Like a Russian icon, the shimmering gold which bathes this veiled 'Madonna' shows Jacqueline Kennedy, the recently-bereaved First Lady of the USA, at the funeral of her late husband, John F. Kennedy. Executed in 1964, immediately following his tragic assassination in November 1963, Jackie perfectly captures her calm dignity; the composition of the picture, which closes in on the head to the exclusion of the outside world, increases the sense of tender intimacy that is heightened by its scale, with the head shown essentially in life-size, increasing the directness and immediacy of this absorbing image. In his Jackie series, Warhol added Kennedy's widow to his pantheon of female stars, alongside Marilyn Monroe and Elizabeth Taylor. Just as Christian images of the Virgin celebrate her not as a martyr but as the mother of Christ: this golden portrait of the grieving woman becomes a form of contemporary Pietéga, a modern image of devotion, a re-imagining of the religious icons of old. In this way, Jackie recalls Warhol's own Ruthenian Catholic background while also showing the artist both attacking and rejuvenating an ancient artistic tradition.
It was on 22 November the previous year that the Kennedy assassination had rocked the world. The glamorous, even heroic president who had ushered in so much good will and optimism was shot in Texas, unleashing an almost unheralded barrage of media coverage. Almost immediately, Warhol set about assembling a mass of source materials which were eventually filtered down to eight key images, those which are seen in the various different configurations of Jackie. Some show Jackie smiling before the assassination, some show her looking dignified at the swearing in of Lyndon B. Johnson as the new president, and four show her at the funeral, two unveiled and two veiled; Jackie takes one of the latter images. The full range of images were arranged on a single large silkscreen, with each image shown side by side in four rows, and Warhol would mask them according to which shot he wished to capture on canvas, as is evidenced by the overlap at the top and side of this work (it was second from the top and on the right of the original grouping, hence the corners of four pictures being visible in the upper left). All eight images of the First Lady were shown together, in a grouping of individual panels, in Warhols The Week that Was, named after David Frost's legendary BBC satirical current affairs programme That Was the Week that Was, which was aired in the USA during 1963 and 1964.

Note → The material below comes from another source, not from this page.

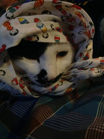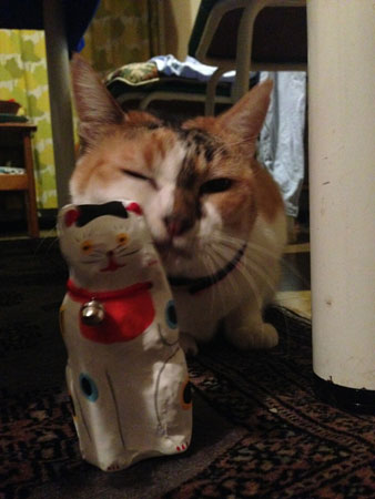 <結果、ツイてた誕生日。> ジャジャジャーン! ひとつ歳をとっちゃったよーんにちわ〜。 この連載をはじめたのが、16歳。 その16歳が32歳になってしまいましたんですけど、 どうしましょ? 数字って、リアルだね〜こわいね〜んっとに。 倍か!と思うとおそろしくなりますが、 こんなわたくしめに、毎度お付き合いいただき、 本当にありがとうございますよ。 なんか、すみませんねえ。ほんとにねーもうねー。 やんなっちゃうわねー。 今年の誕生日は、去年のように、 わざわざ遠くまで焼き肉を食べに行く! というのをやろうと思い、昼すぎに出かけまして。 しかし、けっこうな雨。そして、けっこうな低い気温。 そう、わたしは、実は・・・ ちょっぴり雨女の疑惑があるのです。 例えば、室内から、 「お、雨止んだね?」と思って外に出ると、 急に雨足が強くなることが多々あるのです。 多々というより、むしろいつもレベル。 まあ、気のせいかなぁと思ってたよ。 でも、このせっかくのお誕生日に、 高速道路で、視界が悪くなるほどの雨! 高速のサービスエリアで、傘をさしてても、 雨でぬれちゃって、寒くてブルブルって、 さすがにさー!んもうーっっっ!ツイてねー。 ま、しゃあないよ、たのしい気分で、 レッツゴー!さ。 まずは、せっかく山梨方面に行くんだから、 もともとは、サーキットしたいとか、 富士急ハイランドもいいなとか思ってたんだけど 雨なので、どれもナシ! アウトレットモールに行くことに。 一緒に行った子が、ちょっと前にそこに行ってたから、 ざっくり案内してもらいつつ、 色々見て回る。 んだけど、雨! 移動にいちいち傘さしたり、とじたり、 ああ、めんどくさっ。 ま、仕方ない。これも、イベントだ。 色々見てるうちに、けっこう時間がたっていて、 焼き肉屋さんに行く時間がどんどん遅くなり。 電話をしてみたら、 「もう、お肉なくなっちゃったんですよー」 え・・・! え・・・・?え? まさかのまさかの! そのために、東京から出てきたのに、 軽い気持ちで寄ったアウトレットに、 うっかり時間を使いすぎてしまったのかーーー! ぬおおおおおおおおおおおおおおおおお。 さすがに、膝まずいた。敬意は誰にも払っていない。 ただ、いわゆる「orz」そっくりに、肩を落とした。 なんてこったい。ツツツツイてねぇぇぇぇーーー! そしてこの雨!ツイてね! 一瞬、いや、二瞬ほどどんよりしたんだけど、 友人たちが色々考えてくれて、 「箱根の温泉に行こう! あそこなら、しゃぶしゃぶがあるよ」 おおおおおお、それだ! よしっ! 気持ちを切り替えて、けっこうな大雨の中、 山道をグルングルンして、 着きましたのは「天山」という温泉。 大急ぎで、しゃぶしゃぶにありついた! そして、温泉。 ここのお湯が最高!! 内風呂が1つで、あと5つが露天でさ。 この寒さ×雨で、 あたたまるまではちょっと寒いんだけど、 あたたまってしまえば、こっちのもの! 最高!! 岩風呂やら、洞窟風呂やら、 いちいち、気持ちいいいいいい。 雨もあって、「熱い」中に、ちょっぴりの「冷たい」が ほどよく刺激的で、気持ちがいい〜んだこれが。 後からわかったのが、水風呂は 塩素を使ってない天然水だったらしい。 これはどうやらすごいことらしく、 ふつうは塩素を使ってるから 純粋な純水じゃないらしいんだけど、 これは、もう、純粋な純水! 入ると、キーーーンってささる! 腕を広げると、脇にピーーーーンとくる 水風呂は、初めてだった〜。 とにかく、ふつうの水風呂とは、 肌触りがぜんぜんちがったのだ! 一緒に行ってたサウナ好きも、大興奮。 口コミサイトを見ると、評価がどこも高いし、 有名なんだね〜。すっかりゴキゲンちゃん。 予定は狂ったが、どれもこれも、 イベントだ!最高な一日を過ごせましたわ。 ツイてるぅマジでツイてるぅ〜! ひゃっほ〜〜〜〜。友人たちに大感謝! わたしゃ、いいおとなに、なります!(唐突宣言) さてさて、もはやわたしの人生の 一部としてかけがえのない存在のお2匹さん。 周囲にびっくりされた、牛のしっぽの長さ。 これは、当たり前だけど、 おしりにくっついてるしっぽが、 ぐるんと首まできている寝相。 どうやら、みんなよりだいぶ、長いらしいです。 寒いので、ほっかむられる牛。 ▲このあと、結び目に噛み付き、 ふりほどく。 「甘いねこ展」で買った、招き猫に、 スリスリするミッツ。 ねこを知らない方は、あまりなじみがないと思うんだけど ねこって、ものすごく色んなところに、 頬をスリスリする生き物なのね。 で、何かが目の前にあると、スリスリしちゃうの。 このことはまた今度あらためて、書きたいと思ってるよ。 ま、そんなこった、パンナコッタで、 今週も、フレーフレーえいえいオーッス!

In artistic terms, Warhol responded to the assassination only the following year in his Jackie series, the first major group of pictures he created in his new studio, the legendary Factory. Looking at its gleaming metallic surface, one wonders if it relates to the silver paint and foil in which Billy Name enshrouded the space that year. Two years later, Warhol returned to the theme of the Kennedy assassination in an unfinished movie, Since, in which the events in Fort Worth were played out in a deliberately self-conscious, lo-fi and often comic manner by the various characters who hung out in the Factory. This seemingly irreverent take on the assassination reveals Warhols interest in the storm that surrounded the event, rather than the event itself. So too, his image of the mourning Jackie is in part an image of an image, a fragment of media-created popular culture taken and placed in a Warholian shrine in order to highlight its own artifice.
Warhol himself claimed to have been unmoved by the Kennedy assassination when discussing it later. By contrast, those around him recall him being distraught. His friend and assistant Gerard Malanga recalled the pair being shocked and burying themselves in work, creating a print of a movie still showing a vampire biting a woman's neck, The Kiss (Bela Lugosi). Warhol disingenuously claimed that he had gathered a group of people around him during the day, hoping to distract himself, but was annoyed by their depression at the events; by contrast, John Giorno, the poet who featured in his movie Sleep, recalled his own visit to Warhol: 'I started crying, and Andy started crying. We wept big, fat tears. It was a symbol of the catastrophe of our own lives' (J. Giorno, quoted in L. McNeil & G. McCain (ed.), Please Kill Me: The Uncensored Oral History of Punk, New York, 2006, p. 411).
The fact that Warhol's recollections focussed on his own (seemingly fictitious) cool, emotional distance from these events is undermined by the existence of this series in its own right. Warhol's images of Jackie Kennedy were almost unique in forming a significant series that was created without any commission or exhibition in mind. They appear to have been a personal response, and even the critics at the time noted the emotional content implicit in the images, absent from even his Death and Disaster images. Referring to the inclusion of an image of Jackie Kennedy in a Warhol exhibition at the beginning of 1965, Thomas B. Hess wrote wryly, 'Warhol had better keep these lapses... under control, or he might turn into a human artist' (T.B. Hess, 'Reviews and Previews: New Names this Month: Andy Warhol', reproduced in S.H. Madoff (ed.), Pop Art: A Critical History, Berkeley & London, 1997, p. 281). This rare glimpse of humanity through the industrial, machine, robot faade that Warhol so carefully cultivated as a part of his public persona reveals Warhol's humanity, his own religious belief, his distress at the loss of that age of optimism that had been heralded by the Kennedy election and also, in this intimate devotional at the altar of celebrity, his love of glamour.